A second introduction was made to an executive from a strategic advisory firm founded by Bill Clinton’s first White House chief of staff who later served as Clinton’s counselor.
Winer made the introductions in question and also attempted to facilitate a series of other meetings for Steele utilizing his official State Department email address, as documented by emails obtained in a joint lawsuit by Judicial Watch and The Daily Caller News Foundation and reviewed in full by this reporter.
After his name surfaced in news media reports related to probes by House Republicans into the dossier last year, Winer authored a Washington Post op-ed in which he conceded that while he was working at the State Department he exchanged documents and information with dossier author Steele.
Winer further acknowledged that while at the State Department, he shared anti-Trump material with Steele passed to him by longtime Clinton confidant Sidney Blumenthal, whom Winer described as an “old friend.” Winer wrote that the material from Blumenthal – which Winer in turn gave to Steele – originated with Cody Shearer, who is a controversial figure long tied to various Clinton scandals.

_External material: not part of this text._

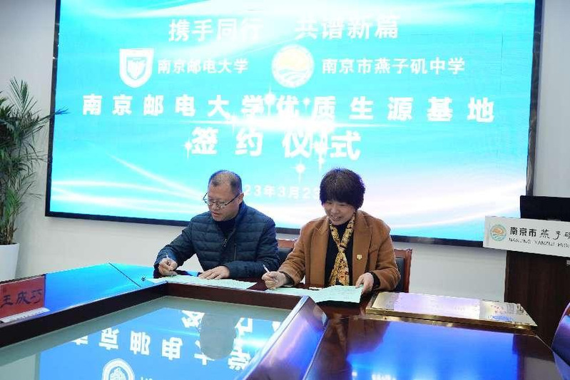 阳春三月,万物生长。2023年3月23日下午公司赴南京市燕子矶中学举行“优质生源基地”协议签订及挂牌仪式。南京市燕子矶中学董事长石骏,党总支副书记姜坤林,副董事长屠玲、张艺钟,高三班主任代表,太阳成集团tyc33455cc人才招聘处副处长杜月林,公司党委书记邓艳华,经济公司党委书记董军等参加会议。会议由燕子矶中学副董事长庄新主持。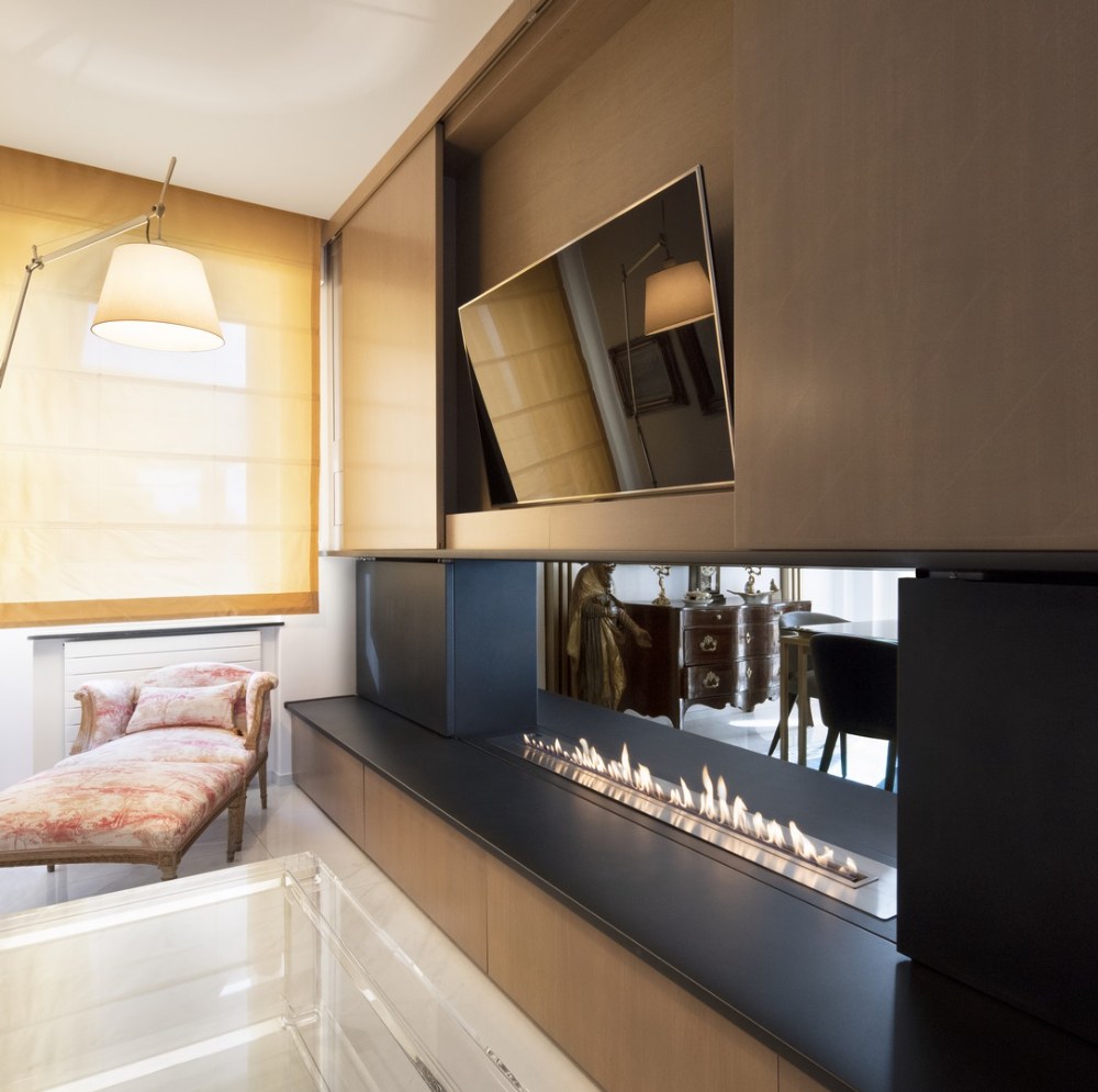 Na dělicí stěně v obývacím pokoji jsou patrné barvy starožitného nábytku i rámu zrcadla. Biokrb vložený ve zdi slouží jako propojení společenské části a salonku. Během zimních večerů tak spolu mohou přes vzniklý výklenek komunikovat hosté, kteří sedí na obou stranách ohně.

Steele was commissioned to produce the dossier by the controversial Fusion GPS opposition research firm, which was paid for its anti-Trump work by Hillary Clinton’s 2016 presidential campaign and the Democratic National Committee.
FBI Agents Were Unhappy that Comey
Recommended Against Charging Hilary Clinton
Former acting FBI director Andrew McCabe lent some credibility to a previous White House claim that some FBI personnel were upset over the agency’s decision, under the leadership of disgraced ex-FBI Director James Comey, not to charge Hillary Clinton in the criminal probe of her private email server use.
The claim that some FBI rank-and-file workers lost confidence in Comey following his infamous press conference announcing that no charges would be brought has been in dispute.
Yet in largely unreported testimony before the House Judiciary Committee on December 21, 2017, McCabe confirmed that some FBI personnel were “surprised” and “frustrated” with the result of the Clinton email case as announced by Comey. A transcript of McCabe’s testimony was released three weeks ago by House Judiciary Committee Ranking Member Doug Collins, R-Ga.
The White House official who took the most flack for saying that FBI agents were upset over the case was undoubtedly White House press secretary Sarah Huckabee Sanders, who made a statement to that effect to reporters on May 10, 2017.
“Most importantly, the rank-and-file of the FBI had lost confidence in Comey,” she said, discussing Comey’s loss of credibility. “We’ve heard from countless members of the FBI that say very different things.”